Иван Сергеевич Загребин
   Мне повезло лично знать многих фронтовиков и тружеников тыла. Среди ветеранов встречались люди с удивительной, кажущейся порой невероятной судьбой.
   Одним из таких удивительных людей был фронтовик Александр Семёнович Шлыков. Он прошёл всю войну с первого до последнего дня. Он был в рядах тех, кто прошагал в парадном строю по брусчатке Красной площади 7 ноября 1941-го и 24 июня 1945-го. Он сражался под Москвой и Ленинградом. В войну трижды ранен, контужен, находился на излечении в госпитале.
   Грудь воина украшали более 30 наград, в том числе – ордена Красной Звезды и Великой Отечественной войны I степени, медали «За оборону Москвы», «За оборону Ленинграда», «За взятие Кенигсберга», «За освобождение Варшавы», две медали «За отвагу».
   После войны Александр Семёнович Шлыков вернулся к изначально выбранной, самой гуманной профессии – лечить людей: окончил Челябинский медицинский институт, впоследствии стал полковником медицинской службы. Его заслуги в этой сфере отмечены орденами Трудового Красного Знамени, Октябрьской Революции, «Знак Почета».
   Александр Семёнович Шлыков родился 30 августа 1921 года в селе Ключи Еткульского района Челябинской области. Полковник медицинской службы в отставке. Окончил Челябинский медицинский институт.

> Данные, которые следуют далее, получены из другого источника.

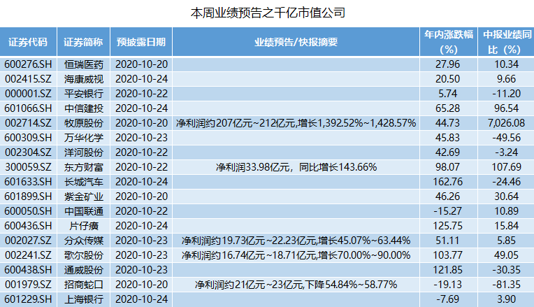 其中,包括恒瑞医药(600276.SH)、海康威视(002415.SZ)、平安银行(000001.SZ)、中信建投(601066.SH)、牧原股份(002714.SZ)在内的17家千亿市值公司将披露三季报。

   Ветеран вёл огромную общественную работу, занимался гражданско-патриотическим воспитанием молодого поколения, бывал в школах, техникумах, вузах, в том числе неоднократно бывал на встречах со студентами Южно-Уральского государственного университета (ЮУрГУ) и в частности со слушателями факультета военного обучения (ныне Военный учебный центр при ЮУрГУ, рассказывал о войне. Пропагандировал здоровый образ жизни (кстати, сам он никогда не курил). И всегда мудрым простым человечным словом учил добру, справедливости, уважению – к другим людям, в том числе родным, близким, всех возрастов, родной стране, родной природе. Ведь без этого уважения к людям, стране, природе невозможно быть настоящим патриотом!
   Ветеран ушёл из жизни в конце марта 2019 года. В нашей памяти он навсегда останется защитником Отчизны, мудрым, добрым и справедливым человеком, всю жизнь отдавшим на благо Родины.

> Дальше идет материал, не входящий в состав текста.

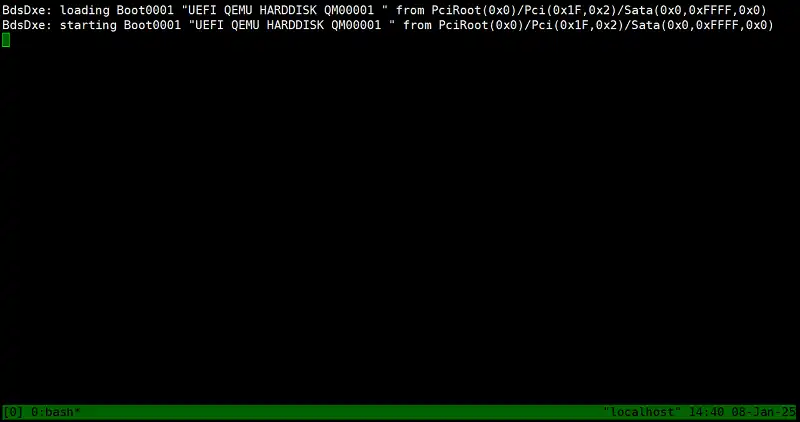 会打开一个终端一样的窗口,在里面运行启动qemu的脚本,按ctrl+b,d退出,qemu会在后台继续运行,而不会直接退出。

   Мне повезло неоднократно встречаться с фронтовиком и записать его воспоминания. Привожу их здесь.

     На войне с первого дня

   – В ряды РККА (Рабоче-Крестьянская Красная Армия – так тогда официально назывались Вооружённые Силы СССР) я был призван в 1940-м году, – вспоминал Александр Семёнович Шлыков. – До этого с 1936 по 1939 учился в Троицке, в медицинском техникуме, потом с 1939 по 1940 заведовал санэпидемстанцией в Еткульском районе. Тогда же я поступил учиться в Свердловский медицинский институт (ныне город Екатеринбург). Но окончить его не получилось – началась моя военная жизнь. С 1941-го служил сапёром. Мы строили аэродром в Вологодской области, а незадолго до войны наш сапёрный батальон перебросили в Литву. Прибалтика на тот момент совсем недавно вошла в состав СССР. В нашем укрепрайоне мы занимались возведением дотов, дзотов, тянули колючую проволоку. Я уже был сержантом, командовал отделением минёров. Мы ставили минные заграждения: противотанковые, противопехотные.

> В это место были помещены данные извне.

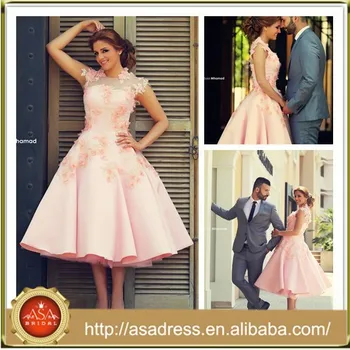 Sma54 Best Design Tea Length Dubai Appliqued Colored Reception

   Что будет война, узнали еще до её начала. Узнали, но не поверили. Сказал нам об этом католический священник – ксендз. Дело было так. Мы стояли рядом с одним селом. Как-то раз увидели, что люди куда-то гонят скот, едут конные повозки с домашним скарбом. Спросили, что такое, куда собрались? В ответ услышали, что сейчас пора сенокоса, все уходят жить в поле. А в этом селе жил ксендз. У него богатое подворье. Мы в скором времени зашли к нему, увидели, что и он уезжает – во дворе стояла пароконная повозка с домашним скарбом, лишь тяжёлую мебель он не вывозил. На наши расспросы он ответил, что будет война с Германией. Мы были ошеломлены. Нам всё время внушали, что заключён пакт о ненападении, что войны не будет, говорили о дружбе между нашей страной и Германией. Но на душе тревожно. Доложили командиру роты. Он всё выслушал, сказал, что возможны провокации, приказал быть бдительными. Через 40 минут вызвали нас и к командиру батальона. Тот выслушал, сказал всё то же самое. Вечером того же дня нам выдали дополнительный боезапас: по две гранаты и по коробке патронов к карабинам. Какое-то время жили в неведении. Чувствовали беспокойство.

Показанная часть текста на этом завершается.